Letters: Best stripper in Burque, barking dogs, budget cuts, term limits, defning race, lazy cops outlaw handbills
 Alibi V.19 No.15 • April 15-21, 2010 


Missing Best of Burque

Dear Alibi,

[Re: Feature, “Best of Burque,” April 8-14] What happened to best stripper????

Abby Trent

Editor’s response: Best of Burque is determined entirely by votes from our readers. Sometimes a category’s votes are too thin and spread out to yield a conclusive First, Second and Third Place winner. When we don’t have three clear winners to report, we have to pull the category from the results issue. ... On a more personal note, my vote for best stripper in Albuquerque goes to Savannahh.

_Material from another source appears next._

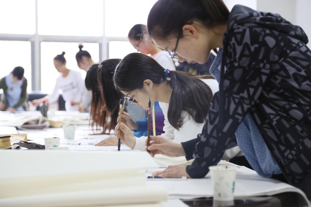 同学们按照楷书、隶书、行书、草书、篆书分成几个小组,分别由老师来指导。老骥伏枥,志在千里,老先生们用自己一生的书法经验教育学生,书法需要刻苦的练习,勤能补拙是良训,一分辛苦一分才。一份书法作品不只需要字写的好看,还需要掌握好布局,要有印章、要有落款、要留有天地、要掌握好字的排版和大小等等。交流会上,老师们对学生一一指导,这对学生们来说是平时不能接触到的,此次交流会显得异常珍贵难得。老师们不只留下了优秀作品,更是在每位学生的心中留下深刻的认知,书法需要静下心来,用心去写,只有这样,才能得到书法带来的快乐。

Bark! Bark! Bark! Bark! Bark! Grrrrrrowl! Bark! Bark! Bark!

Dear Alibi,

[Letters, “Somewhere a Big Dog Barked Again,” April 1-7] ... The damn things never shut up. And their owners never shut them up. No one’s going to tell them there’s something wrong with their adorable little poochie’s behavior. No one’s going to tell them they shouldn’t leave their dogs outside all day, barking at every leaf that falls in their yard. Little Snuggles is guarding the house! And no one’s going to tell them not to leave the window thoughtfully cracked open when Wolfie’s inside, so that he can bark away at every bicyclist and trash bag that rolls down the street. It gives Wolfie something to do!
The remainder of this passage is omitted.